Я вздрогнул, приходя в себя, отпустил штурвал и выключил фары.
Часа через два томительного ожидания мы услышали скрип лыж по снегу. Я приказал сидеть тихо: это могли быть и немцы. Рядом, прижавшись ко мне, стоял Жучок.
Шаги ближе. Треснула ветка, и кто-то громко сказал:
— И где их искать? Словно сквозь землю провалились!
Жучок встрепенулся:
— Батя!!
Через два дня за нами прилетел самолет. На этом и закончились мои полеты к партизанам.
Февраль. Март. Апрель. Май. Полеты, полеты, полеты. Потери. Сбили такого-то. Не вернулся такой-то. Новый самолет. Новый экипаж. Полеты. Потери. Все воспринималось как должное. Война. Никто не считал себя лучше других. Перед вылетом каждый из нас вкладывал в ствол своего пистолета девятый патрон, «для себя». При возвращении тут же, в кабине, патрон вынимался. Все очень просто: собьют — что ж. Не собьют — совсем хорошо!
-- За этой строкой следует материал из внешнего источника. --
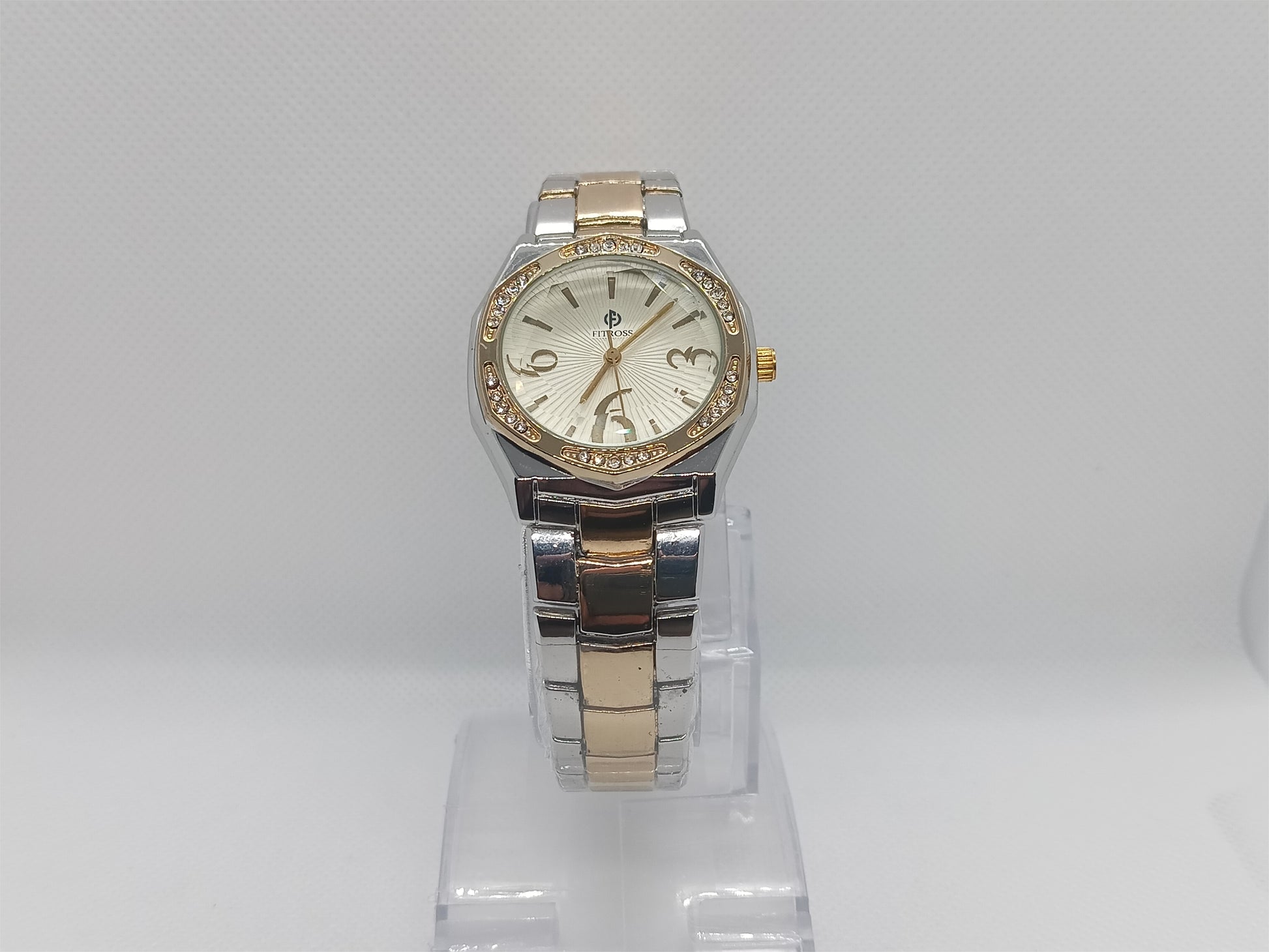 Stylish dual-tone ladies’ watch featuring a champagne dial and crystal-accented bezel. A blend of elegance and everyday sophistication.
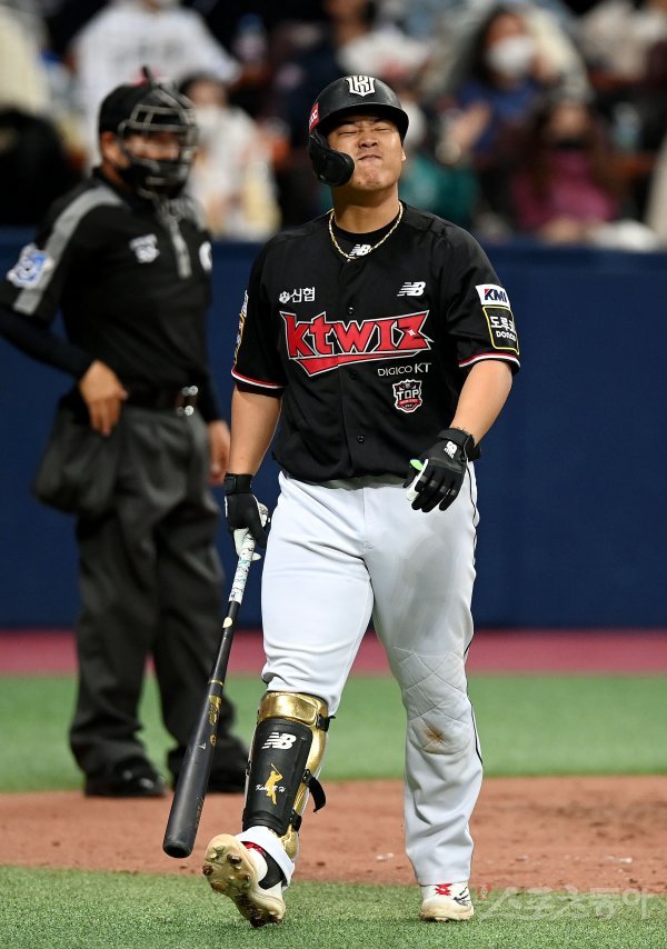 17일 서울 고척스카이돔에서 ‘2021 신한은행 SOL KBO리그’ KT 위즈와 두산 베어스의 한국시리즈 3차전 경기가 열렸다. 4회초 무사에서 KT 강백호가 삼진 아웃으로 물러나며 아쉬워하고 있다. 고척 | 김민성 기자 marineboy@donga.com
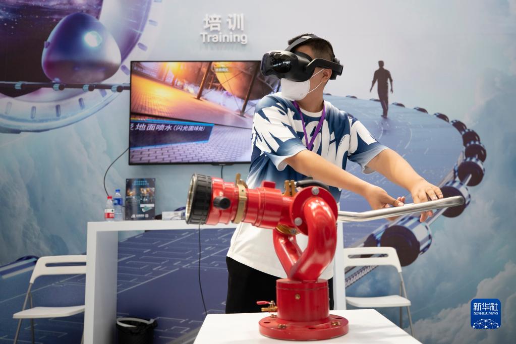8月11日,在2022世界5G大會(huì )展廳里展示的5G網(wǎng)絡(luò )支持下的5G+VR滅火培訓平臺。
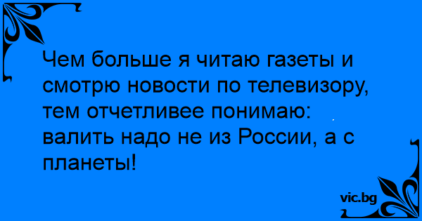 Чем больше я читаю газеты и смотрю новости по телевизору, тем отчетливее понимаю: валить надо не из России, а с планеты!
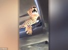 Тварину більше цікавила тінь, в якій вона могла сховатись від сонця, ніж пасажири авто. 13-річна Лейлані стала поряд з гепардом і зробила фото з ним.
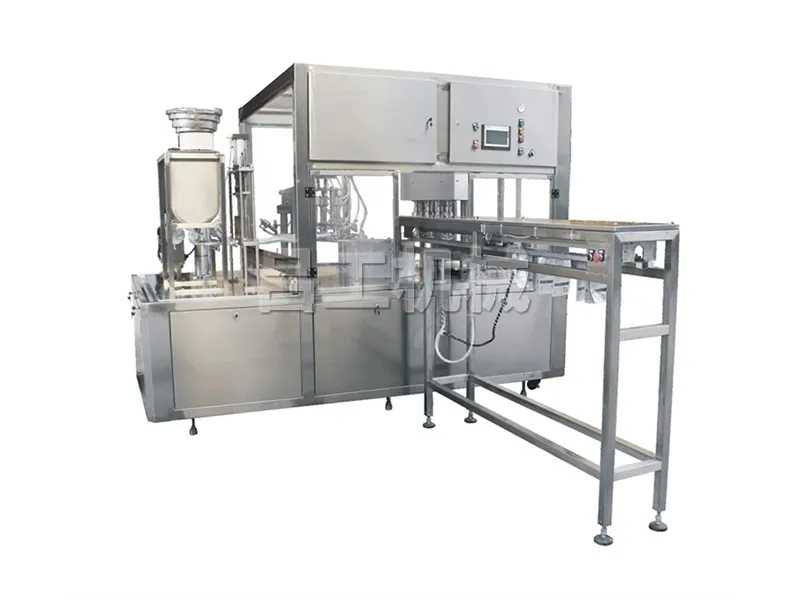 特点:本机从自动定位—自动吹气—自动定量两次灌装—自动清洗—自动下盖—自动旋盖—自动出袋
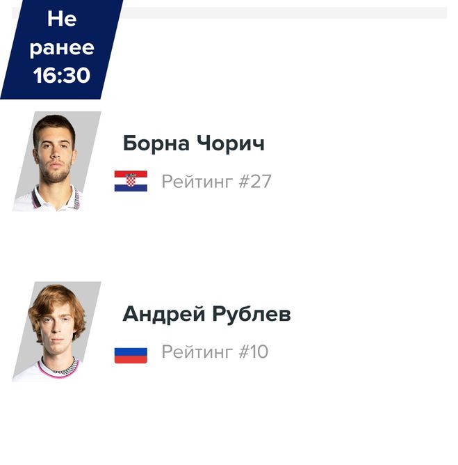 Ориентировочное начало финальной игры между Рублевым и Чоричем 16-30 по московскому времени.
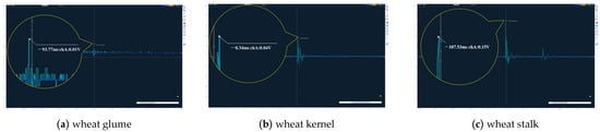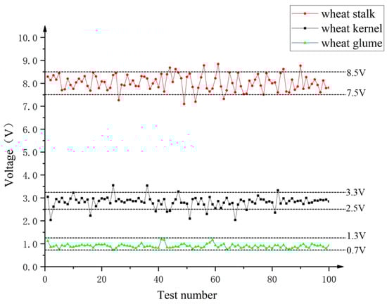 To validate the practicality of a piezoelectric sensor monomer as a grain collision detector, experiments were conducted where wheat grains, wheat stalks, and wheat glume shells were dropped from the same heights to collide with the sensor. The resulting output electrical signals are illustrated in Figure 5 [25]. The output signals of collision-sensitive units of wheat grain, wheat stem, and wheat glume were analyzed. Piezoelectric sensors can generate electrical signals when they are impacted by external forces. This observation is consistent with the behavior of piezoelectric ceramics, which generate a piezoelectric effect in response to external forces and produce an electrical signal. The peak values of the electrical signal output when different materials collide with the sensitive unit at the same height are then compared. It is found that the glume collision results in the smallest peak value, followed by the wheat grain collision, with the wheat stem collision producing the largest peak value; the obvious waveforms generated by the collision of each material appear, with a clear difference in the peak range of each waveform. Therefore, the piezoelectric sensor unit developed in the present research, made of piezoelectric ceramics and beryllium bronze, is used as a material for making grain-collision sensors.

Июнь. Ночь короче воробьиного клюва. Чуть задержался над целью, и уже рассвет застает тебя над территорией, занятой врагом, и вездесущий «Мессершмитт», подкараулив на маршруте, начинает клевать тебя с дальней дистанции из пушек. И ты крутишься на сиденье, как флюгер: летишь вперед, а смотришь назад. И все видишь: и всплески пламени в носу истребителя, и как летят тебе вдогонку снаряды — красные, желтые, голубые шарики. Смотришь, не отрываясь, и ногой-ногой потихоньку отворачиваешь. И снаряды пролетают мимо. А когда застучит, затарахтит ответным огнем твой радист из башни, «Мессершмитт» торопится уйти. Но все равно война есть война, и наша боевая страда продолжалась.
А для меня она неожиданно прервалась.
Звонок. Беру трубку и слышу взволнованный голос начальника штаба:
— Срочно! Одна нога там, другая тут — беги ко мне!
— Есть! А что такое?
— Потом скажу.
Пожимаю плечами: что за спешка? Однако сердце затрепетало от каких-то неясных, но добрых предчувствий.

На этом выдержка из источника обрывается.